# A Few HDR Shots.



## Private Joker (Jun 3, 2010)

Hey everybody! I'm new to the forum and I thought I'd post some of my HDR work to see if I could get some feedback. Thanks!

Here's a link to all of them on Flickr:
http://www.flickr.com/photos/a_philosophotographer/sets/72157623488355517/


----------



## 7/24 (Jun 3, 2010)

#'s 2 & 3 rock!


----------



## Seekwence (Jun 3, 2010)

I like all of them. 1, 2, 3 and 6 are my favorites, with #3 winning overall. I would love to see that at full resolution...wow!


----------



## Bynx (Jun 4, 2010)

Id like to see your images larger but your settings for HDR look good. They look like HDR but in a pleasing way to me.


----------



## Mendoza (Jun 4, 2010)

They all seem well done (ditto on the small size) but #3 looks like it would be epic in a larger size.


----------



## Private Joker (Jun 4, 2010)

Aw thank you guys! I will remember to post them larger in the future. For now, here are numbers 1, 2, and 3 in larger resolutions.





They Say We Will Go Far on Flickr - Photo Sharing!





After Hours. on Flickr - Photo Sharing!





American Flats. on Flickr - Photo Sharing!

P.S. Flickr says I should be linking back to each photo's page when I post to an external website. Since I can't embed HTML, is there a better way to do this?


----------



## NateS (Jun 4, 2010)

These are great...really good editing.  Number 5 is my favorite...wouldn't mind seeing it in a larger than squinting size.


----------



## Private Joker (Jun 4, 2010)

Okay, haha, here are the rest of them. No more noob small photo posts in the future, promise.





4:30pm: Sunset on Flickr - Photo Sharing!
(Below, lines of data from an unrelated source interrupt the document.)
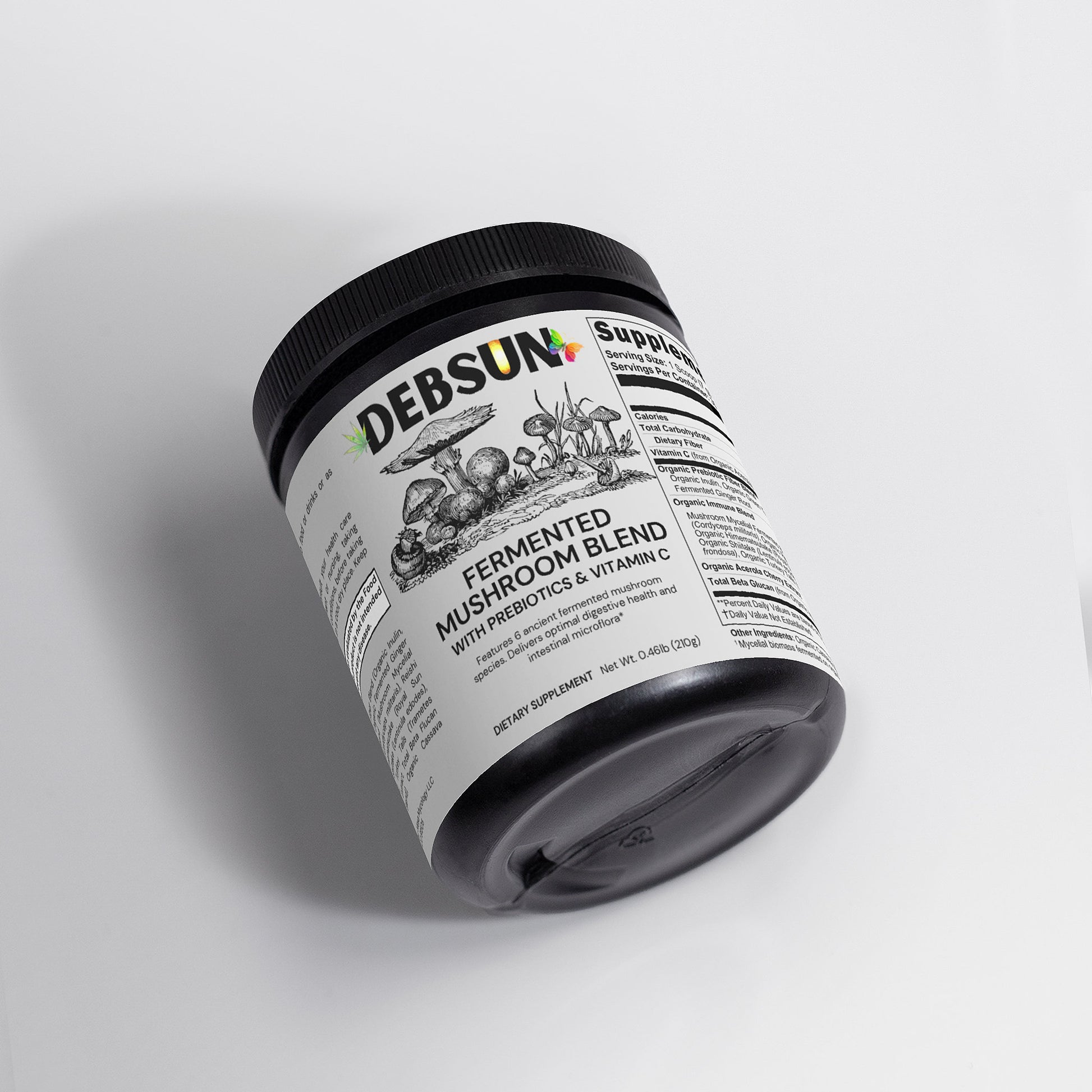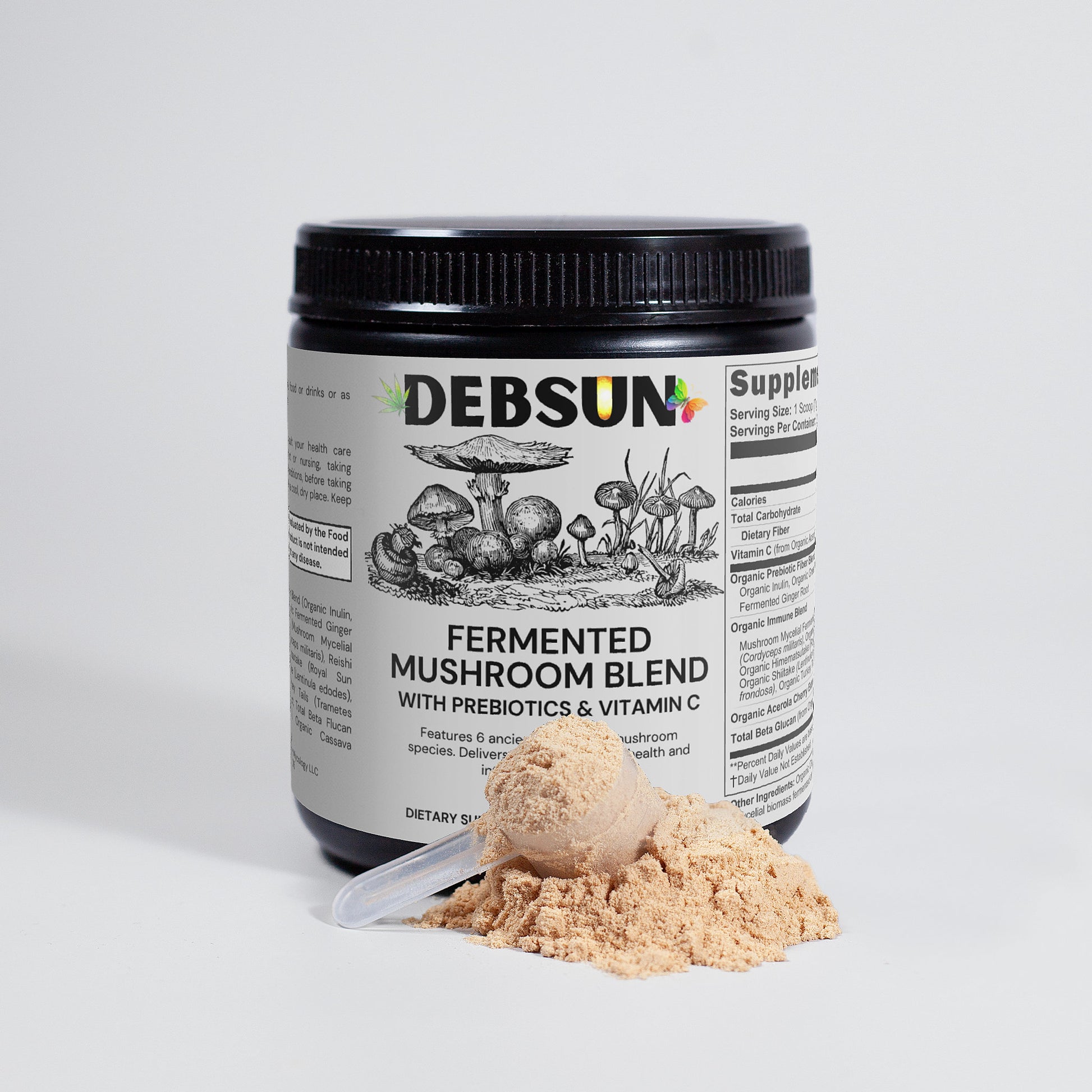 Ingredients: Vitamin C, Organic Prebiotic Fiber Blend (Organic Inulin, Organic Green Tea Extract, Organic Fermented Ginger Root), Organic Immune Blend (Mushroom Mycelial Biomass Blend,[Cordyceps (Cordyceps militaris), Reishi (Ganoderma lucidum), Himematsutake (Royal Sun Agaricus) (Agaricus blazei), Shiitake (Lentinula edodes), Maitake (Grifola frondosa), Turkey Tails (Trametes versicolor)], Acerola Cherry Extract, Total Beta Flucan (from Organic Immune Blend), Organic Cassava Maltodextrin
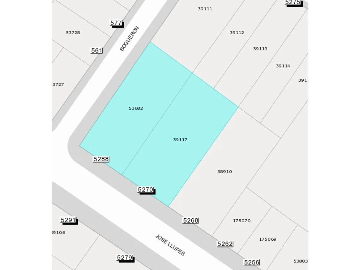 Padrón: 53682 - 649 m2 - Medida frente: 17.18 m -  Medida largo: 37.60 m y 37.94 m (Calle Boqueron)
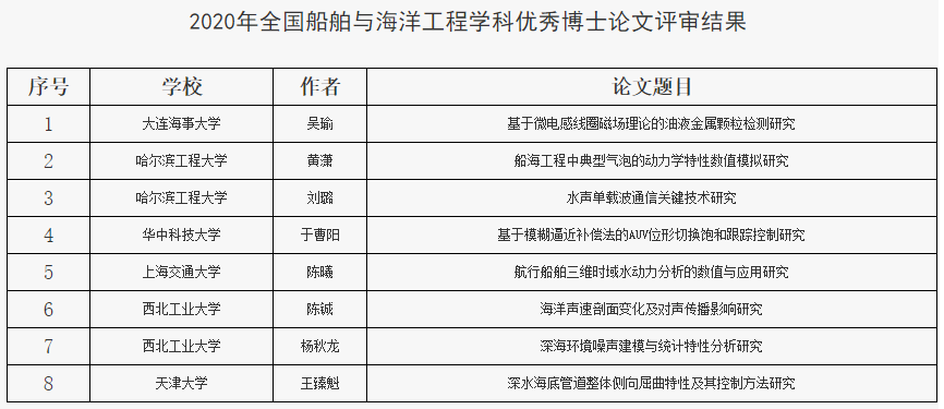 bat365官网博士论文入选2020年度全国船舶与海洋工程学科优秀博士论文

North. on Flickr - Photo Sharing!





Show Me Something New. on Flickr - Photo Sharing!


----------



## Bynx (Jun 5, 2010)

Only problem I can see is the out of focus clumps of straw in the foreground of pic 1. Unless there is a reason for something to be out of focus then everything should be sharp and pristine.


----------



## Private Joker (Jun 6, 2010)

Bynx said:


> Only problem I can see is the out of focus clumps of straw in the foreground of pic 1. Unless there is a reason for something to be out of focus then everything should be sharp and pristine.


Okay yeah, I see what you're saying. I like using an out-of-focus object in the foreground to provide a greater sense of depth in my photographs. I just feel like it can make the distance that much more tangible. I do agree, though, it is not the greatest part of the shot.


----------



## dak1b (Jun 14, 2010)

love em!!!!!!!!!!


----------



## Fremen (Jun 18, 2010)

nice pix


----------



## manaheim (Jun 18, 2010)

To OP: These are really nicely done.



Bynx said:


> Only problem I can see is the out of focus clumps of straw in the foreground of pic 1. Unless there is a reason for something to be out of focus then everything should be sharp and pristine.



Are you arguing against his DOF choices?  Seems like dictating that all in the image needs to be in focus is a little limiting.


----------



## ivomitcats (Jun 19, 2010)

I love 2 and 3. Epecially 3. HDR in urban settings is always my preference. The lighting you captured with it is a great usage of HDR. 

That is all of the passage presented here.